Data il gruppo eterogeneo di malattie, di cause e di meccanismi fissopatologici la diagnosi si basa sul
mancato controllo glicemico; la glicemia normale a digiuno è compresa fra 80-110 mg/dl (3.3 - 6 mmol/l). Si
parla di diabete mellito quando si hanno a digiuno valori superiori a 120 mg/dl (12 mmol/l) oppure si utilizzano
test di stimolo per dimostrare che all’assunzione di zucchero il corpo non é in grado di ripristinare rapidamente i
valori normali di glicemia.
COMPLICANZE:
Le complicanze del diabete possono essere acute o croniche; delle forme acute come la chetoacidosi diabetica ed
il coma iperosmolare ne parleremo dettagliatamente nel prossimo capitolo (Capitolo 4.5.2), mentre per
le complicanze croniche il rischio di insorgenza correla con la durata dell’iperglicemia (generalmente dopo i 20
anni di malattia); il controllo glicemico riduce le complicanze, anche se si ha una suscettibilità genetica (loci
ignoti) dato che a parità di glicemia solamente alcuni pazienti sviluppano le complicanze. La causa patogenetica é
da ricercare negli AGE (Advanced Glicosilation End-products) che sono reazioni non enzimatiche che avvengono
sulle proteine cellulari, che aumentano con l’iperglicemia, provocando cross-linking del collagene e della matrice
extracellulare. Le alterazioni cliniche che si hanno sono pertanto direttamente correlate alle concentrazioni di
AGE e sono un aumento dell’aterosclerosi, un aumento delle glomerulopatie, la riduzione di produzione di
NO (ossido nitrico), la disfunzione endoteliale ed un’alterata matrice extracellulare.

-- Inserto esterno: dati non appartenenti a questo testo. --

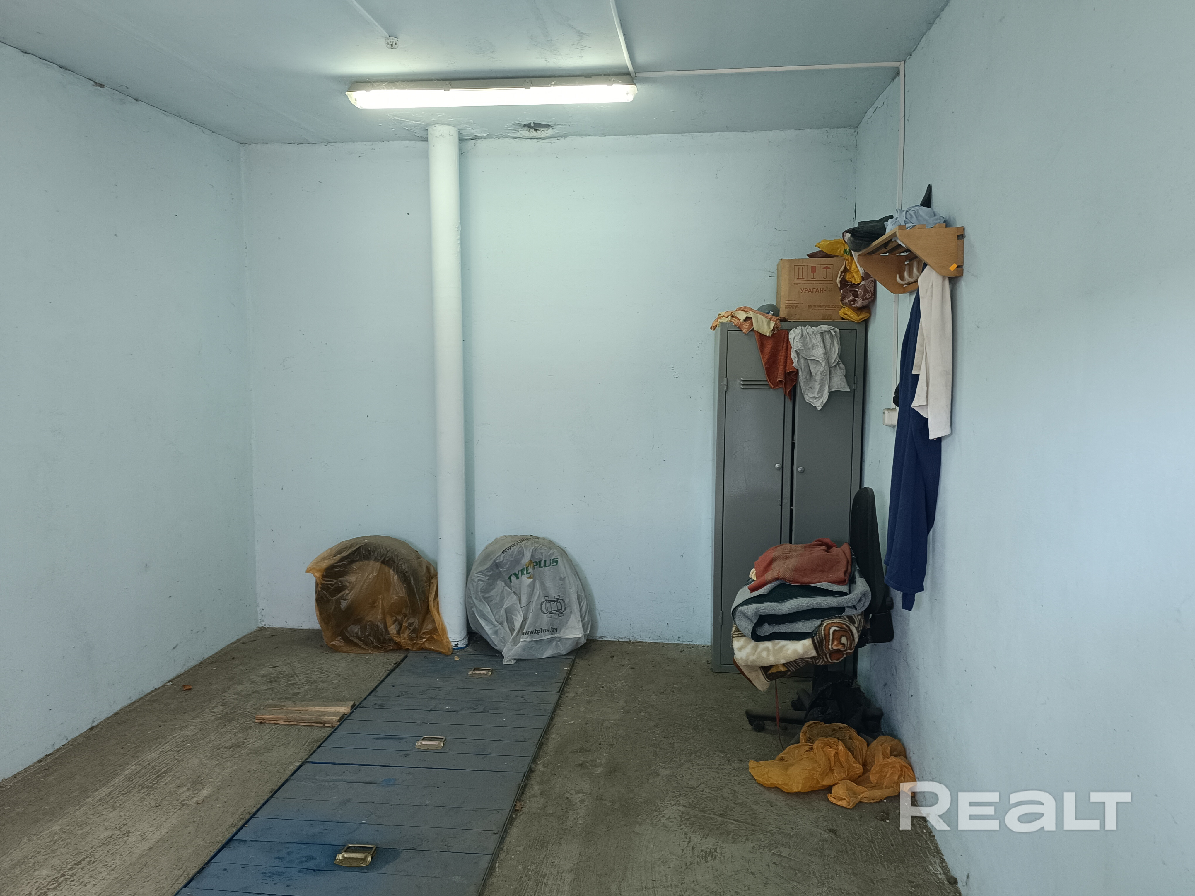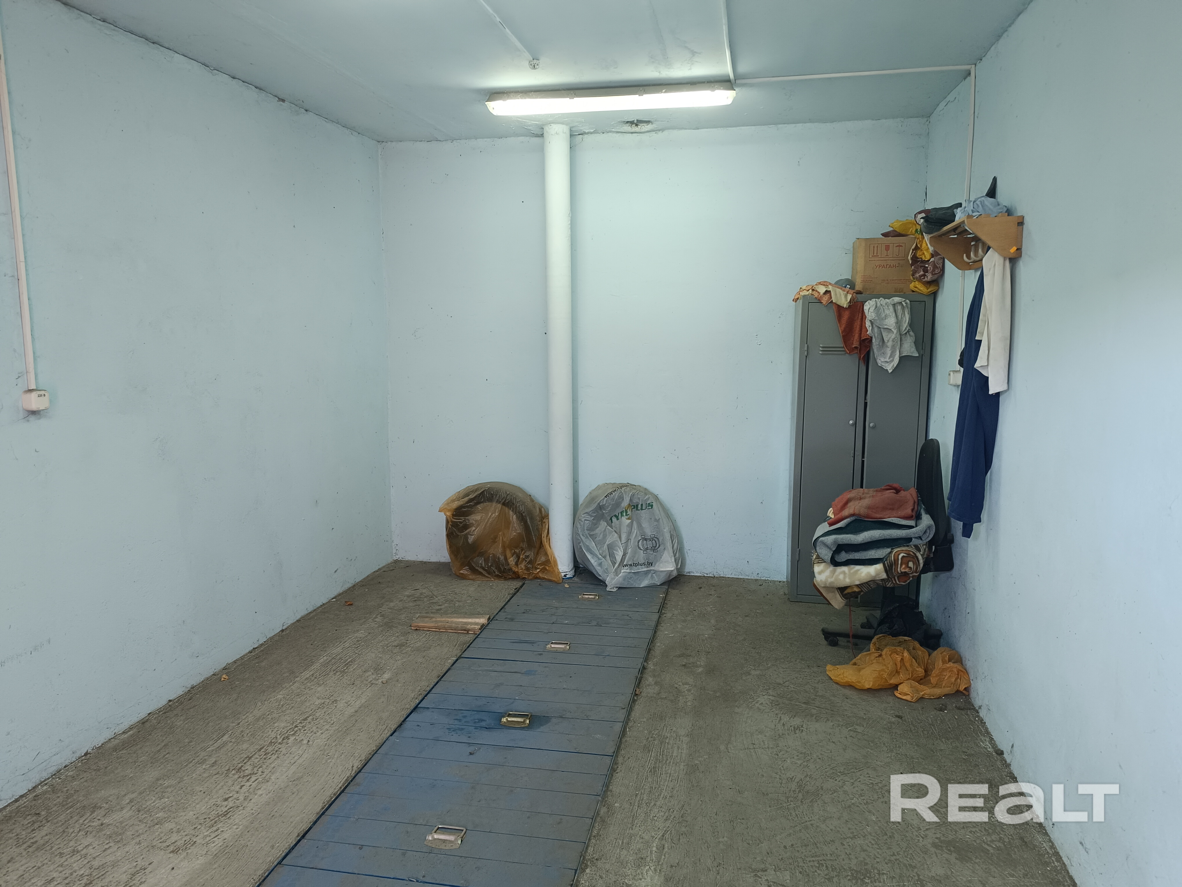 Гараж оштукатурен и покрашен. С подвалом. Есть вентиляция. 3 потолочных светильника. В гараже нет никаких стеллажей. P.S. Посредников просьба не беспокоить.

Anche le ulcere cutanee sono frequenti e sono la causa più importante di amputazione non traumatica delle
estremità inferiori nella popolazione mondiale. I fattori di rischio sono il sesso maschile, una storia di diabete
superiore ai 10 anni, la presenza di neuropatia, alterazioni morfologiche del piede ed il fumo attivo.
PROGNOSI:
La mortalità negli USA rappresenta la 4 causa di morte per malattia, con una mortalità aumentata di 2 volte
rispetto ai pazienti non diabetici; la morbidità rappresenta la principale causa di cecità acquisita nell’adulto, con
un rischio di sviluppare stroke o infarto del miocardio di 2-4 volte rispetto a pazienti non diabetici, così
come nefropatia ed amputazioni dalle 15-40 volte rispetto alla norma. Il controllo della glicemia e della pressione
arteriosa hanno un impatto importante sia sulla morbilità che sulla mortalità; non si hanno dei valori soglia, in
quanto più i valori di glicemia/pressione arteriosa sono bassi, maggiori risultati si ottengono. La terapia
comporta ridotta mortalità (del 12%), un ridotto rischio di infarto (del 16%), una ridotta retinopatia (del 21%) ed
una ridotta microalbuminuria (del 33%). Per quello che infine riguarda la mortalità per ogni decremento dell’1%
della HbA1C si ha una riduzione del 14% di mortalità e per ogni decremento di 10 mmHg di pressione arteriosa si
ha una riduzione del 12% di mortalità. Valori simili si hanno anche per l’infarto miocardico acuto.